本当に三十分だった。いや、実際はそれよりも速かった。趙が少し赤く汚れたクーラーボックスを俺に渡してきた。ずっしりした重さがある。これに、人間が? 吐き気がこみあげてくるが、なんとか耐えた。目尻から涙があふれる。目の前で大きな口を開けて笑う女がいる。
「アッヒャアッハハハヒャアア! 洋洋、行こう! ボクの患者に会いに行こう! ボクならきっと、治せるヨ!」
「あ、ああ……」
異常だ。この女は、異常者だ。狂っている。元々おかしいやつだとは思っていたが、こんなに狂ったやつだとは思っていなかった。だからこそ、部長になれたのだろう。裏の世界の、研究部で。

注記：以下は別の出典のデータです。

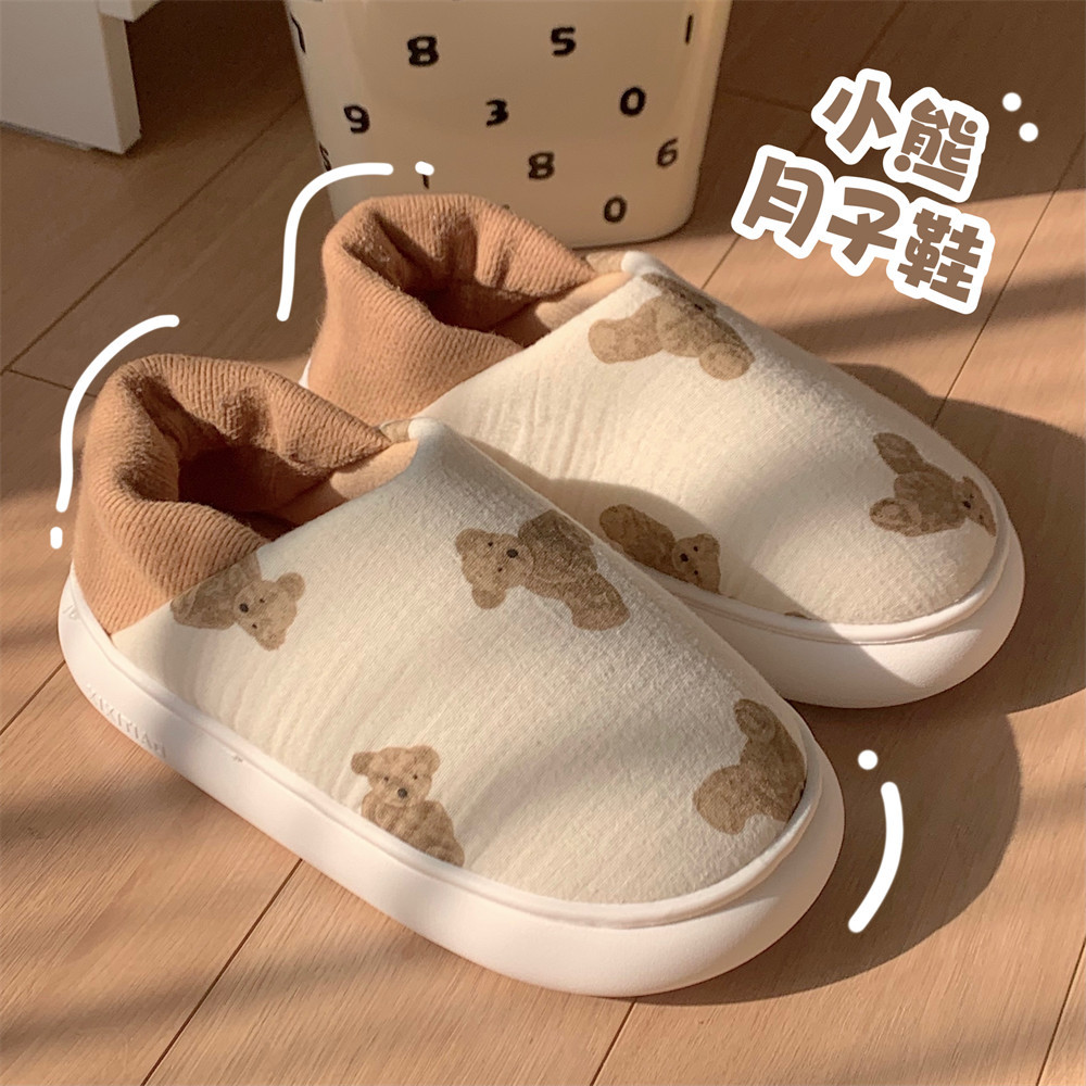 糞感を踏んで家の綿のスリッパの春と秋のかわいい熊のウサギは全部包んで薄いタイプの産後の柔らかい底の月子の靴の女性を包みます。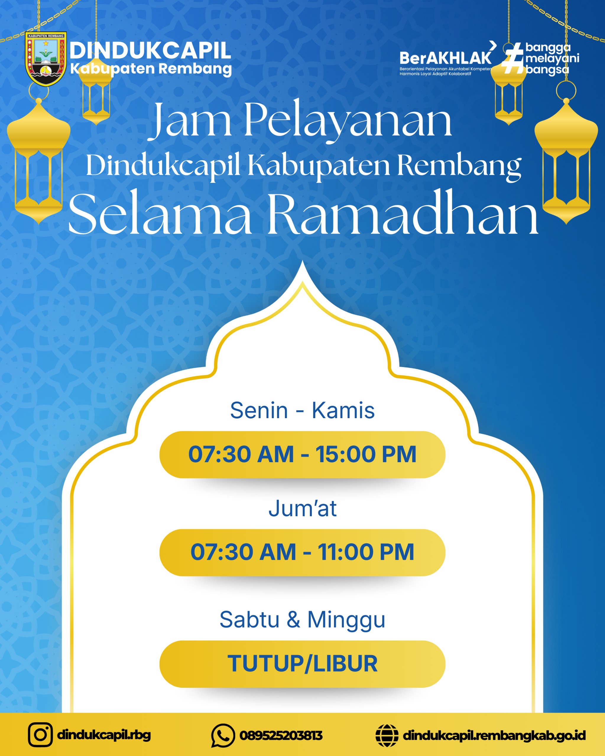 Dalam rangka menyambut dan menjalankan ibadah di bulan suci Ramadhan, jam pelayanan dokumen kependudukan Dindukcapil Kabupaten Rembang menyesuaikan sebagai berikut: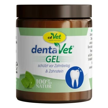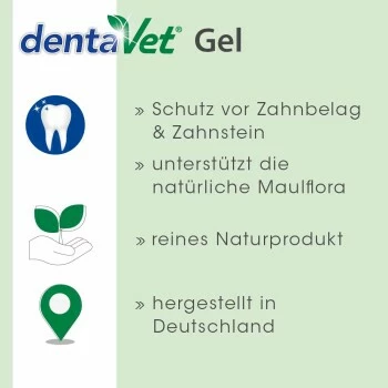 dentaVet Gel, die schonende Zahnpflege für Ihr Tier. Auch bei Hunden sollte eine regelmäßige Zahnpflege selbstverständlich sein. Ebenso wie beim Menschen, können sich bei ihnen Plaque und Zahnstein bilden. Zudem haben mangelnde Zahn- und Maulpflege oft Zahnfleischentzündungen sowie Maulfäule zur Folge.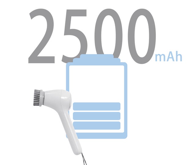 2500mAhバッテリー内蔵、1回のフル充電で最大120分連続使用可能です。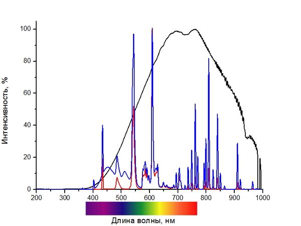 Как видно, спектр ламп накаливания естественно-непрерывен, в отличие от дискретных, с резкими пиками графиков КЛЛ. Он ближе всего к природному солнечному свету, хотя и смещен в красно-желтую область (это, кстати, хорошо соответствует вечернему освещению на закате — вот почему свет ЛН непроизвольно расслабляет). Именно к Солнцу в ходе эволюции адаптировалось все живое, в том числе — и человеческий глаз. Если бы мы располагали материалом, выдерживающим нагрев до 5800 К (температура фотосферы), проблема искусственного освещения была бы решена раз и навсегда. Увы, таких материалов на Земле нет и не предвидится, а применяемый в ЛН вольфрам плавится при 3690 К, не дотягивая до идеала более двух тысяч градусов. Так что тепловые источники света, лучшие, чем ЛН, нам недоступны. Что же дают новые технологии?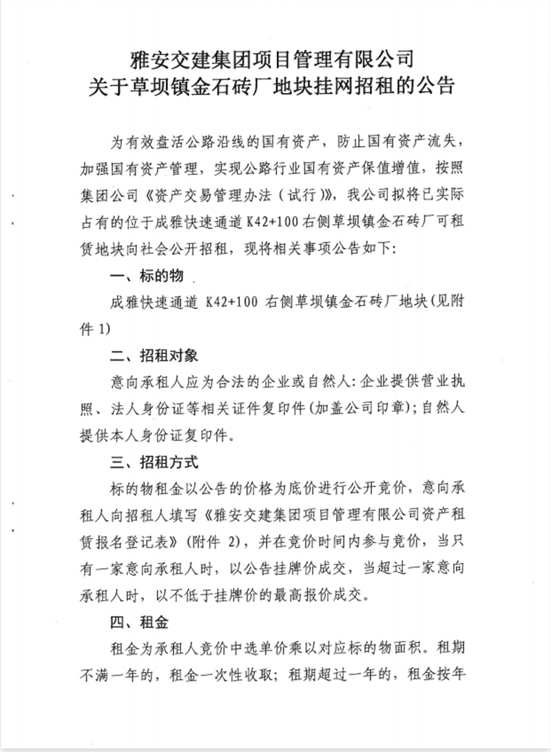 關于金石磚廠地塊公開招租的公告
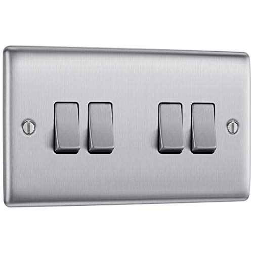 BG Electrical NBS44 Interrupteur mural quadruple 2 voies Profil surélevé et fin Bords arrondis Nexus Métal Acier brossé 20 A 16 AX

車を走らせて白鴉へ向かう。趙はずっと何かを歌っていた。やかましいやつだ。助手席に座らず、後部座席について欲しいくらいだった。
路地裏に入り、近くに車を置く。ゴミ捨て場に鴉がいた。縁起が悪いな。それだというのに、趙は気にせず、鴉に近付き「カァ!」と鳴き真似をする。ゴミ捨て場の鴉達は互いに顔を見合わせた後、趙に向かい「カア」と鳴いた。
「ボク、迎え入れられたみたいだヨ!」
全く理解できないな。
気にせずに白鴉に向かう。今は夕方の仕込みの最中だろう。扉を押し、中に入る。見慣れた顔がこちらに向いた。
「ハイハイ、洋老大哥、いらっしゃい」
「白鴉、さっきはどうして突然電話を――」
「君が白い鴉ちゃんか!」
趙が俺の後ろから出て来て、両手を広げる。白鴉の目が細まった。今日は袖が長い。まずい! ちゃりん、と小さく金属の音が鳴る。と、同時に、銀色が俺の頬を掠る。
「姐姐、なかなかの手練れでしょ? 何人味見したの?」
「君ほどはしてないサ!」
マウスに針が刺さっていた。あのフォーク持ってきていたのか。
趙は針をマウスから引き抜いて、白鴉に返していた。
「なーるーほーどーね。キミ、貧血デショ?」
「……オレ、何も言ってないけど」
「顔色が悪いから、目に紅を乗せてるんダ! あとはー、人間を食べるのも、治したいから、デショ? マアマア、ボクに任せておきなって! 治してあげよう!」
フォークに突き刺さったマウスに齧りつき、趙は笑った。口が真っ赤に染まっていた。